__Provided data__

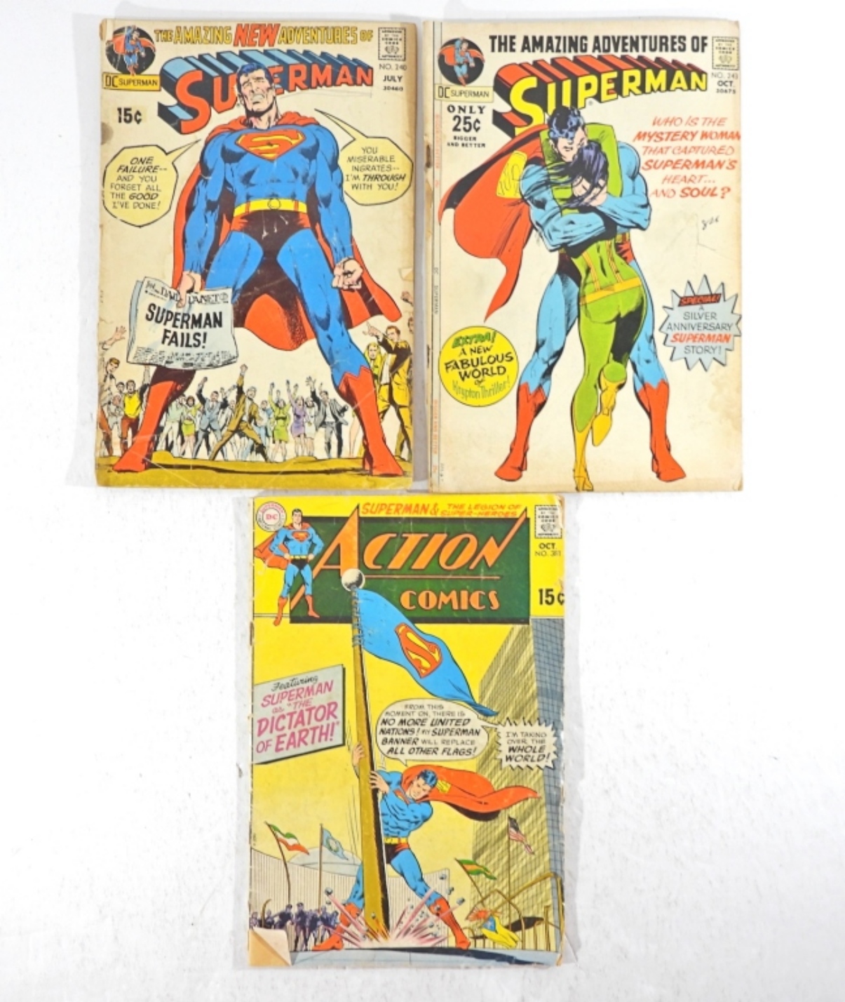 2 DC SUPERMAN ISSUES #240 & 243 BOTH IN FAIR/GOOD CONDITION. 1 ACTION COMIC ISSUE #381 IN GOOD/FAIR CONDITION
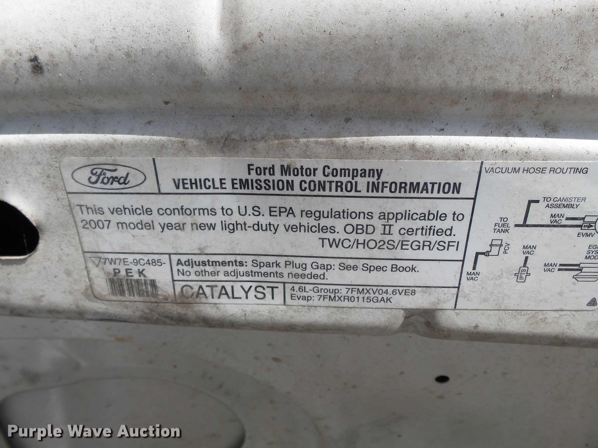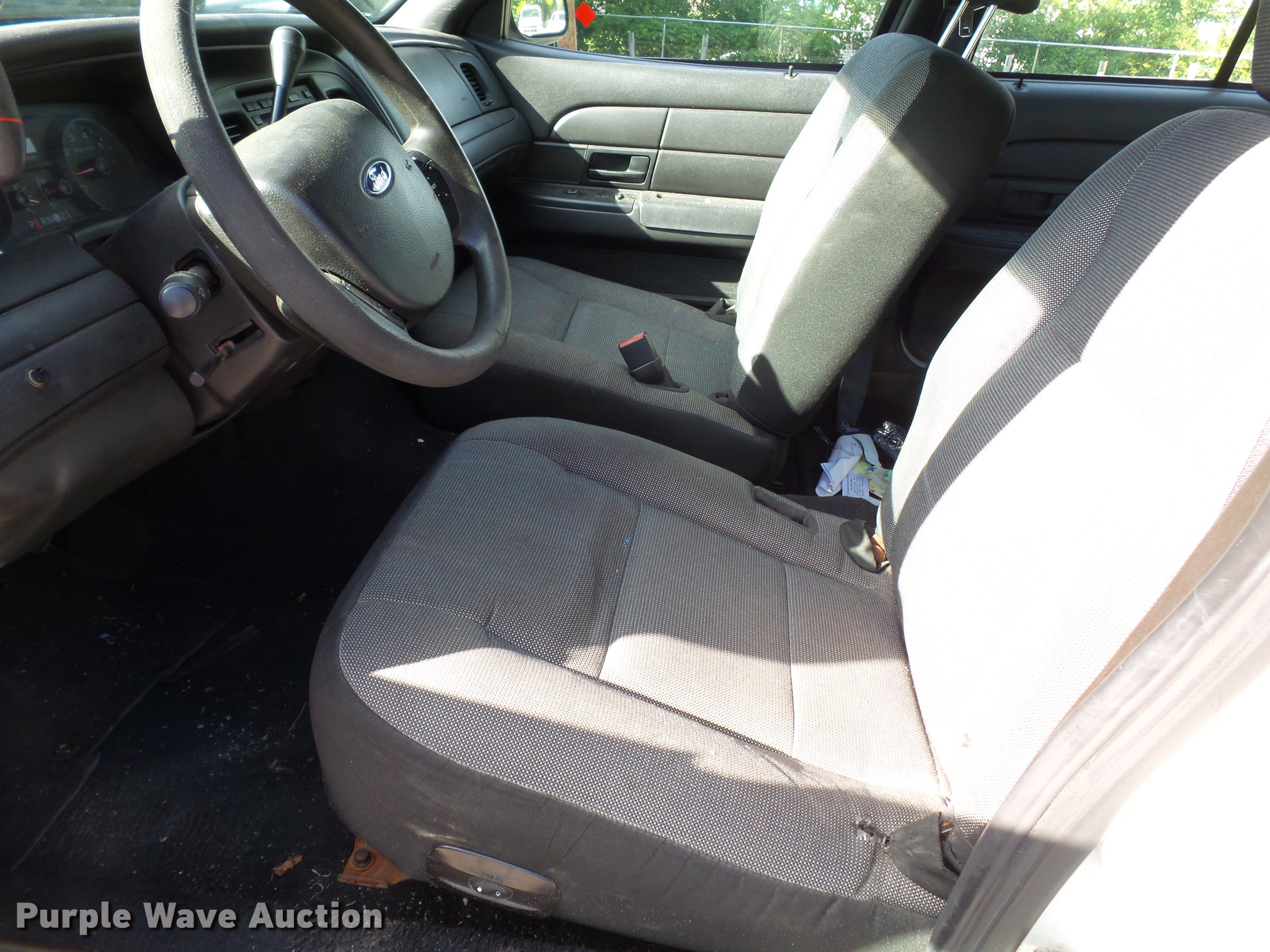 Purple Wave is selling a used Passenger Vehicle in Missouri. This item is a 2007 Ford Crown Victoria Police Interceptor with the following: 107,323 miles on odometer, 4.6L V8 SOHC 16V gas engine, Automatic transmission, AC and heat, Tilt, Cruise, AM/FM/CD, Power windows, locks, mirrors, and seat, Cloth interior, Spotlight, Push bar, P235/55R17 tires
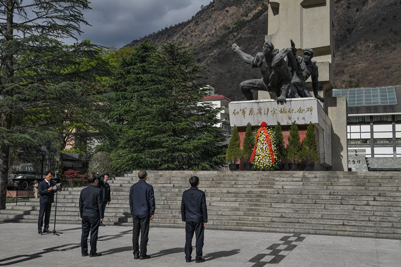 4月5日,黄强向红军飞夺泸定桥纪念碑敬献花篮、行三鞠躬礼,表达对革命先烈的缅怀和敬仰。
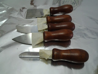 Como os decía, los pinté de color chocolate, y así los dejé... para empezar protegí con la cinta de carrocero la parte de la cuchilla y el embellecedor... pasé una vela por las zonas donde quería que saliese posteriormente el color original, después los pinté en crudo y una vez seco los lijé un poquito para dar el efecto envejecido que tanto me gusta jejeje!!
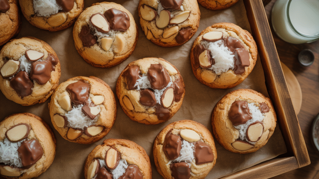These Almond Joy cookies are a delightful combination of chocolate, coconut, and almonds, inspired by the beloved candy bar. Soft, chewy, and packed with flavor, they bring together a coconut base, crunchy almonds, and melty chocolate for a quick, indulgent treat. With this recipe, you can enjoy homemade, bakery-style cookies in under 20 minutes.
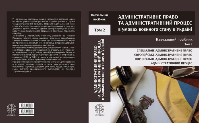 У межах науково-дослідної та методичної співпраці з Академією адміністративно-правових наук і Київським університетом інтелектуальної власності та права представники кафедри адміністративного права та процесу факультету № 1 – завідувачка, докторка юридичних наук, професорка Олена Салманова, професор кафедри, доктор юридичних наук, професор Анатолій Комзюк та доцентка кафедри, кандидатка юридичних наук, професорка Ірина Казанчук долучилися до колективу авторів навчального посібника «Адміністративне право та адміністративний процес в умовах воєнного стану в Україні», виданого у 2-х томах (Том 1. «Загальне адміністративне право. Особливе адміністративне право»; Том 2. «Спеціальне адміністративне право. Європейське адміністративне право. Порівняльне адміністративне право. Адміністративний процес» : За заг. ред. В. Галунька, В. Фелика. Одеса : Видавництво «Юридика», 2024).
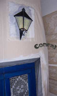 Algunos de los objetos que van en la pared los pinté en trocitos de tela aparte, como el farol.
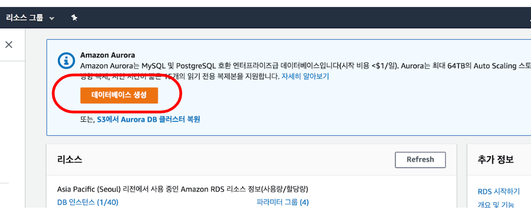 10분 정도 지나면 데이터베이스 생성이 완료된다.
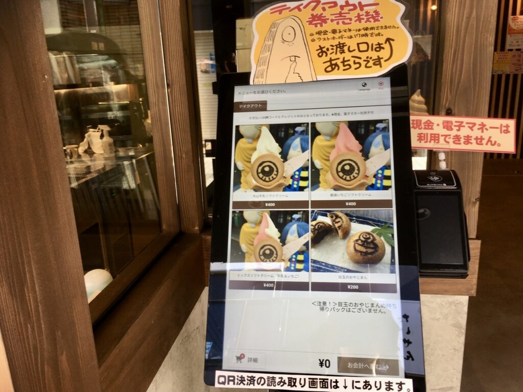 ソフトクリームには目玉のオヤジクッキー付き。ソフトクリームはミルクの風味が豊かで最高に美味しい!!!クッキーとの相性も抜群です。鬼太郎茶屋さんへお越しの際にはぜひ召し上がっていただきたい。
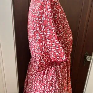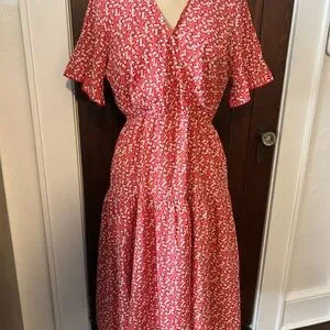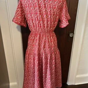 Vibrant red dress with white floral pattern. Perfect for a spring / summer day to stay cool!

__Task brief__
From the first line above through the line containing "4月5日,黄强向红军飞夺泸定", copy everything exactly, without the pictures.

__Result__
 2 DC SUPERMAN ISSUES #240 & 243 BOTH IN FAIR/GOOD CONDITION. 1 ACTION COMIC ISSUE #381 IN GOOD/FAIR CONDITION
 Purple Wave is selling a used Passenger Vehicle in Missouri. This item is a 2007 Ford Crown Victoria Police Interceptor with the following: 107,323 miles on odometer, 4.6L V8 SOHC 16V gas engine, Automatic transmission, AC and heat, Tilt, Cruise, AM/FM/CD, Power windows, locks, mirrors, and seat, Cloth interior, Spotlight, Push bar, P235/55R17 tires
 4月5日,黄强向红军飞夺泸定桥纪念碑敬献花篮、行三鞠躬礼,表达对革命先烈的缅怀和敬仰。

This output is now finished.